- **EXERCISE BRIEF**:
Your output should be the exact lines from the start of the data through the line containing "许力 HY3100-30E 30W", with no pictures.

---- INFORMATION SUPPLIED

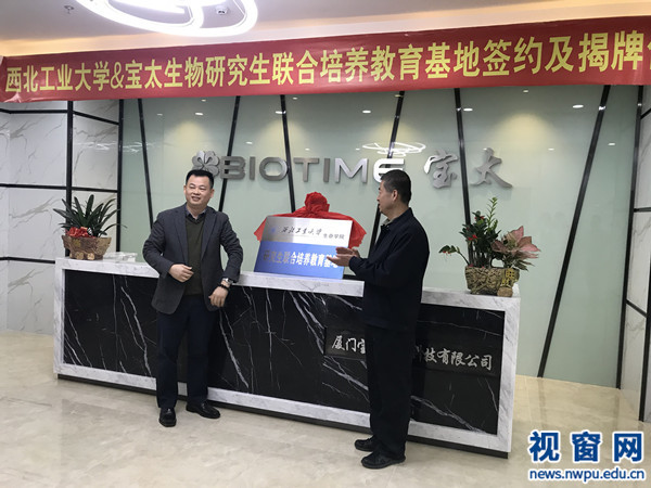 西工大新闻网12月18日电(孙丽倩 黄庆生)2017年12月12日,生物工程专业硕士研究生实践教学基地——“西北工业大学生命学院--厦门宝太生物科技有限公司研究生联合培养教育基地”挂牌仪式在厦门宝太生物科技有限公司隆重举行。宝太公司董事长张国峰、生产总监陈志达、财务总监庄阳煌,以及生命学院党委书记侯沛勇、黄庆生副教授和研究生教学秘书孙丽倩老师等参加了揭牌和签约仪式。
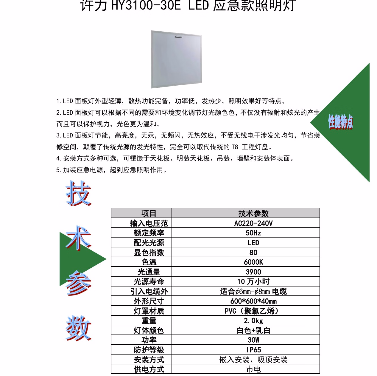 许力 HY3100-30E 30W IP65 220V 6000K 应急款照明灯 1.00 台/个 (计价单位:个) 白色
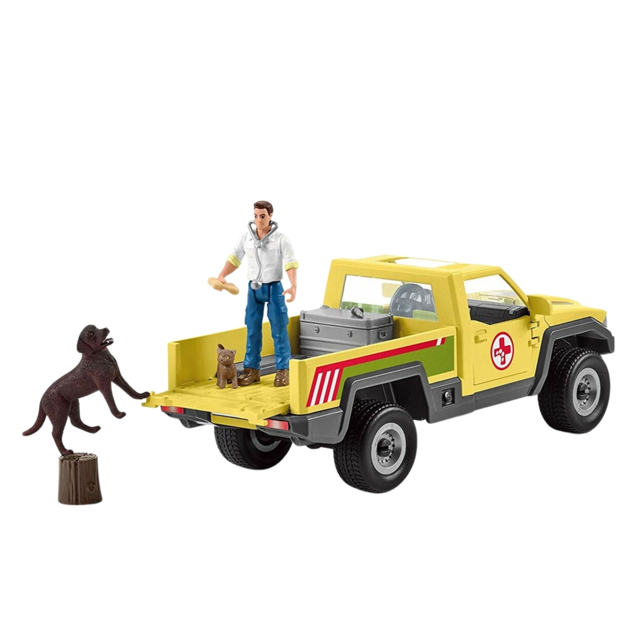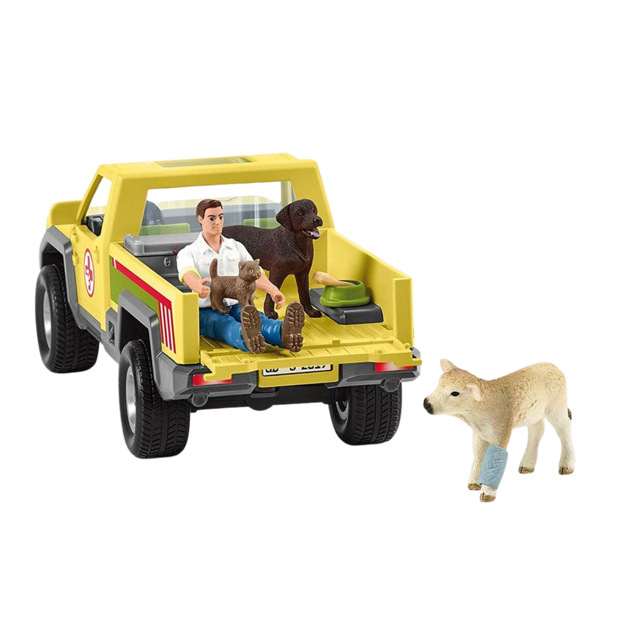 Schleich Çiftlikte Veteriner Ziyareti Oyun Seti, çocukların hem eğlenmesini hem de öğrenmesini sağlayan harika bir set sunuyor. Çiftlikte yaşayan buzağı, yavru kedi ve sevimli Labrador ’un bakımı için veteriner hazır! Veteriner, ilaç çantası, bandaj ve stetoskopu ile birlikte hızlıca yardıma koşuyor. Kamyoneti sayesinde çiftlikte acil müdahale gereken her yere ulaşabiliyor. Bu oyun seti, çocukların hayvan sevgisini geliştirmelerine ve veterinerlik mesleğini oyun yoluyla deneyimlemelerine olanak tanır. Schleich figürleri, el yapımı detaylar ve gerçekçi tasarımlarıyla hayal gücünü harekete geçirir, aynı zamanda güvenli ve dayanıklı malzemeleriyle uzun süreli kullanım sağlar.

--------

- **FINAL ANSWER**:
 西工大新闻网12月18日电(孙丽倩 黄庆生)2017年12月12日,生物工程专业硕士研究生实践教学基地——“西北工业大学生命学院--厦门宝太生物科技有限公司研究生联合培养教育基地”挂牌仪式在厦门宝太生物科技有限公司隆重举行。宝太公司董事长张国峰、生产总监陈志达、财务总监庄阳煌,以及生命学院党委书记侯沛勇、黄庆生副教授和研究生教学秘书孙丽倩老师等参加了揭牌和签约仪式。
 许力 HY3100-30E 30W IP65 220V 6000K 应急款照明灯 1.00 台/个 (计价单位:个) 白色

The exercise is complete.